→ EXERCISE PROMPT
Images are to be left out; everything else in the listing should be repeated exactly.

→ GIVEN INFORMATION
- - -

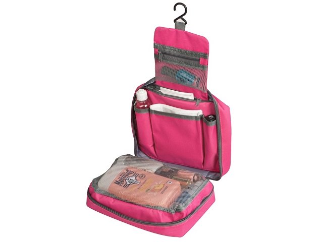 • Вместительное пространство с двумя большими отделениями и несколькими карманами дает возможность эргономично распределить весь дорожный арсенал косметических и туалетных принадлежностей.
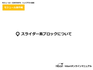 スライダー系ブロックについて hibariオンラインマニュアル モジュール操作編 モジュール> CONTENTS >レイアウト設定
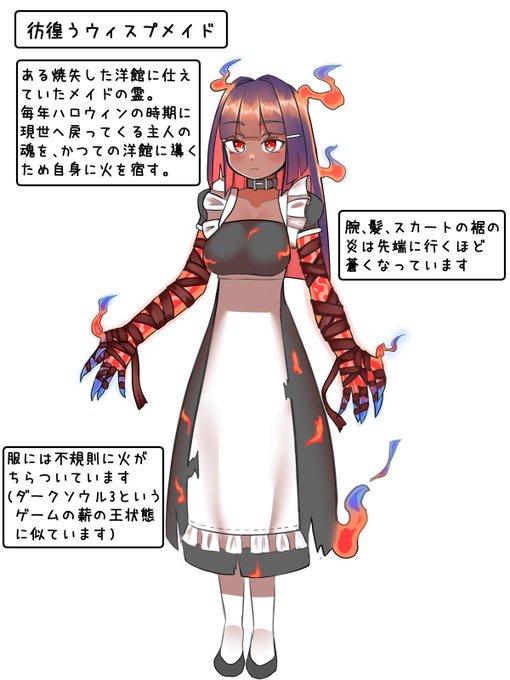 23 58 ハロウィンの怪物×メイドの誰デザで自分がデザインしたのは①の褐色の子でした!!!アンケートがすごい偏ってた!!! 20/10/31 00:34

- - -

→ RESPONSE AREA
 • Вместительное пространство с двумя большими отделениями и несколькими карманами дает возможность эргономично распределить весь дорожный арсенал косметических и туалетных принадлежностей.
 スライダー系ブロックについて hibariオンラインマニュアル モジュール操作編 モジュール> CONTENTS >レイアウト設定
 23 58 ハロウィンの怪物×メイドの誰デザで自分がデザインしたのは①の褐色の子でした!!!アンケートがすごい偏ってた!!! 20/10/31 00:34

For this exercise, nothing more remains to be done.